TASK REQUIREMENTS → Starting at the line with "- This rare", copy each line through the last one below exactly as written, without any pictures.

DATA PROVIDED →
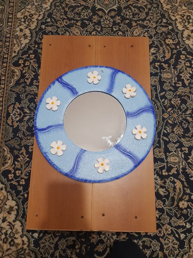 Dettagli del prodottosui toni del celeste w blu decorato con fiori bianchi. specchio da parete non di grandi dimensioni
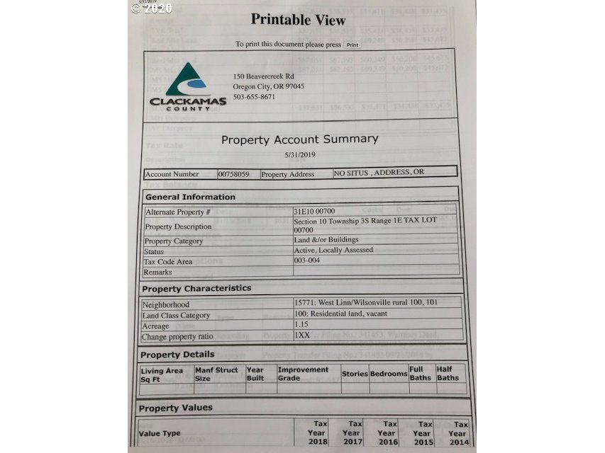 - This rare Stafford 1.15 acre undeveloped lot has a dramatic 450ft driveway that crests atop a magnificent Mt Hood view and build site. Exceptional opportunity to own in Stafford’s most coveted neighborhood located at the top of Petes Mountain in West Linn with $1million-$15million dollar properties throughout the private hills of Stafford. Adjacent to Oregon Golf Club private property, between famous Tumwater Vineyard & Petes Mountain Vineyard & Winery and only 1 mile to Oregon Equestrian Center. This vacant land is surrounded by large natural acreage properties with hidden estates, and rolling hills, the privacy and Mountain view is beyond relaxing on all sides, with beautiful southern sunlight exposure, & only a few minutes to I-205 10th street exit and the adorable Willamette Falls main street full of shops and restaurants. PGE, NW Gas, & cable on property at top Driveway, (county pre-approved 75’ x 50’ build site/driveway upgrade/well/septic/fire truck turnaround & fuel break in 2021) Survey, soil test, and template test filed with county. Seller licensed Broker/Buyer to perform their own due diligence to verify with Clackamas County AGF zoning many options. Includes a no value 35’ x35’ barn with horse stall and loft, buyer options to tear down or rebuild, exceptional opportunity investment. Property corners and boundaries are flagged and NW Gas underground runs to top of driveway and is marked in orange.
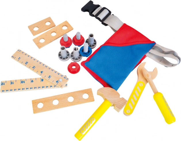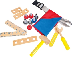 Pružite malim zaljubljenicima u zanate njihovu prvu opremu. Dječji pojas s alatom marke Bino nudi kompletan set od 17 dijelova drvenih i plastičnih alata smještenih u izdržljivom tekstilnom pojasu s praktičnim džepovima i podesivom dužinom. Podržava igru uloga, maštu i zdravu samouvjerenost.
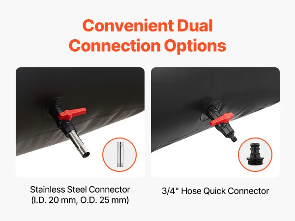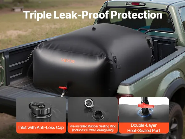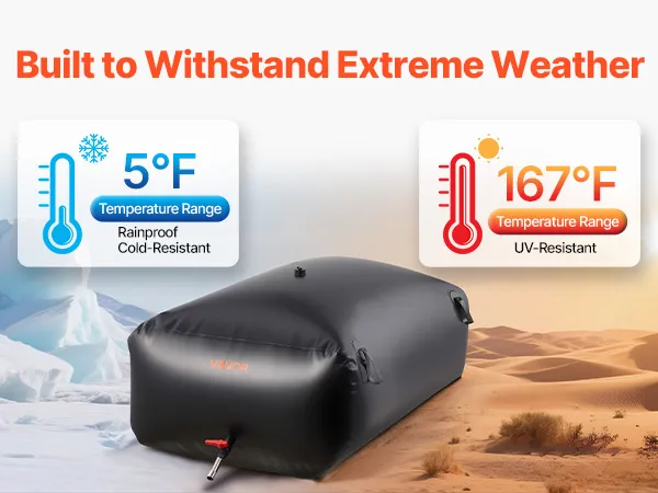 Dwuwarstwowy PVC 1000D: Wzmocniony dwuwarstwowy PVC 1000D, dwustronne powłoki PVC oraz rdzeń z siatki zapewniają odporność na rozdarcia i ścieranie. Zbiornik na wodę został zaprojektowany z myślą o wysokich obciążeniach rozciągających i charakteryzuje się szerokim zakresem tolerancji temperatur od -15°C do 75°C. Dzięki temu jest niezawodny zarówno w niskich, jak i wysokich temperaturach, a także wydłuża jego żywotność.

TASK ANSWER →
 - This rare Stafford 1.15 acre undeveloped lot has a dramatic 450ft driveway that crests atop a magnificent Mt Hood view and build site. Exceptional opportunity to own in Stafford’s most coveted neighborhood located at the top of Petes Mountain in West Linn with $1million-$15million dollar properties throughout the private hills of Stafford. Adjacent to Oregon Golf Club private property, between famous Tumwater Vineyard & Petes Mountain Vineyard & Winery and only 1 mile to Oregon Equestrian Center. This vacant land is surrounded by large natural acreage properties with hidden estates, and rolling hills, the privacy and Mountain view is beyond relaxing on all sides, with beautiful southern sunlight exposure, & only a few minutes to I-205 10th street exit and the adorable Willamette Falls main street full of shops and restaurants. PGE, NW Gas, & cable on property at top Driveway, (county pre-approved 75’ x 50’ build site/driveway upgrade/well/septic/fire truck turnaround & fuel break in 2021) Survey, soil test, and template test filed with county. Seller licensed Broker/Buyer to perform their own due diligence to verify with Clackamas County AGF zoning many options. Includes a no value 35’ x35’ barn with horse stall and loft, buyer options to tear down or rebuild, exceptional opportunity investment. Property corners and boundaries are flagged and NW Gas underground runs to top of driveway and is marked in orange.
 Pružite malim zaljubljenicima u zanate njihovu prvu opremu. Dječji pojas s alatom marke Bino nudi kompletan set od 17 dijelova drvenih i plastičnih alata smještenih u izdržljivom tekstilnom pojasu s praktičnim džepovima i podesivom dužinom. Podržava igru uloga, maštu i zdravu samouvjerenost.
 Dwuwarstwowy PVC 1000D: Wzmocniony dwuwarstwowy PVC 1000D, dwustronne powłoki PVC oraz rdzeń z siatki zapewniają odporność na rozdarcia i ścieranie. Zbiornik na wodę został zaprojektowany z myślą o wysokich obciążeniach rozciągających i charakteryzuje się szerokim zakresem tolerancji temperatur od -15°C do 75°C. Dzięki temu jest niezawodny zarówno w niskich, jak i wysokich temperaturach, a także wydłuża jego żywotność.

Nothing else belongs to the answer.